きっと本棚の上の方はいつも届かないだろうから、普段はどうしているのだろうと思って質問をなげかける。
「いいえ、こんなに難しそうな本に手を出すのは初めて。だけど宿題で気になる事があって、調べるにはこの本が最適だと」
「しー」
さすがにまだこの辺のマニアックそうなあたりには手を出していない様だった。捲し立てるように喋り出す彼女に少し慌てて、静かにするように合図すれば、図書館だという事を思い出したのか、ぱっと口をおさえる。
ちょんと指をさして、あっちへ行こうと促せばこくこくと頷きついて来た。
図書館の受付近くは比較的にぎわっていて、会話をする人々もちらほらいた。
この場所なら誰かの読書を妨げてにらまれる事は無いだろうと思い、広いテーブル席の隅に腰掛けた。
「そういえば、自己紹介していなかったね。俺は」
「私はハーマイオニーよ」
名前を聞いてああやっぱりなと納得しつつ、よろしくねと笑うとハーマイオニーもはにかんだ。歳はやっぱりハリーと同い年だった。
「今日は一人で此処へ?」
「ええ、うちからそう離れていないから好きにさせてもらっているの。パパやママは歯医者をしているから忙しいし」
「へえ、お家が歯医者さんなの?」
話しかければハーマイオニーは沢山答えてくれた。いずれハリーやロンに会って、ロンと恋に落ちるのか、それはわからないし、どちらでもいいかなと思ったけれどハーマイオニーとまた友達になりたいとは思った。

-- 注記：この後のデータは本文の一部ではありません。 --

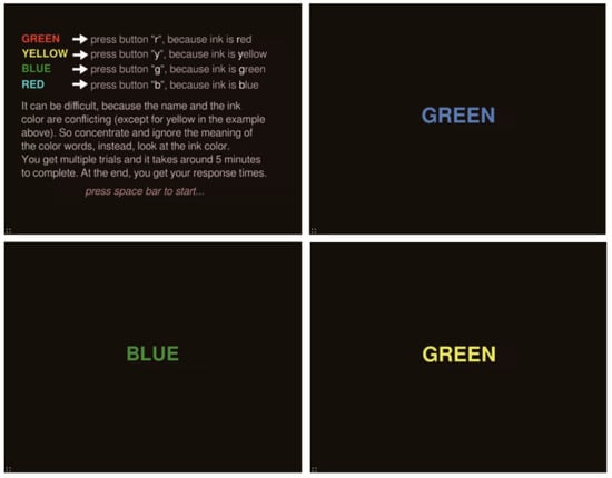 - Jostmann, N.B.; Koole, S.L. On the regulation of cognitive control: Action orientation moderates the impact of high demands in stroop interference tasks. J. Exp. Psychol. Gen. 2007, 136, 593. [Google Scholar] [CrossRef] [PubMed]

正義感が強く、少し強引で、でも泣き虫な所は嫌いではなかった。
「そろそろ帰らなくちゃ」
夕方まで図書館で本を読んだり話し合ったりしていたけれどハーマイオニーが時計を見て席を立つ。
「送るよ」
「いいわよ、家はすぐそこだし」
俺の提案に少し驚いて、慌てて手を振る。
「荷物重そうだし、もう暗くなって来たからだーめ」
「あ」
重たそうな鞄を持ち上げれば案の定重たい。何冊入ってるのと苦い顔をして尋ねれば十冊と答えた。子供のうちからこんなに重たいものを持って歩いていたら骨格歪んでしまうのではと懸念しつつもため息を吐く。
「お、重たいでしょう?いいわよ」
「俺のほうが力あるから」
「でも……」
おろおろと俺のことを心配してくれるのは嬉しいけど、十にも満たない少女よりは力もあるのだ。
「こういう時レディーはにこっと笑ってお礼を言うものだよ」
ハーマイオニーの頭をぽんと撫でた。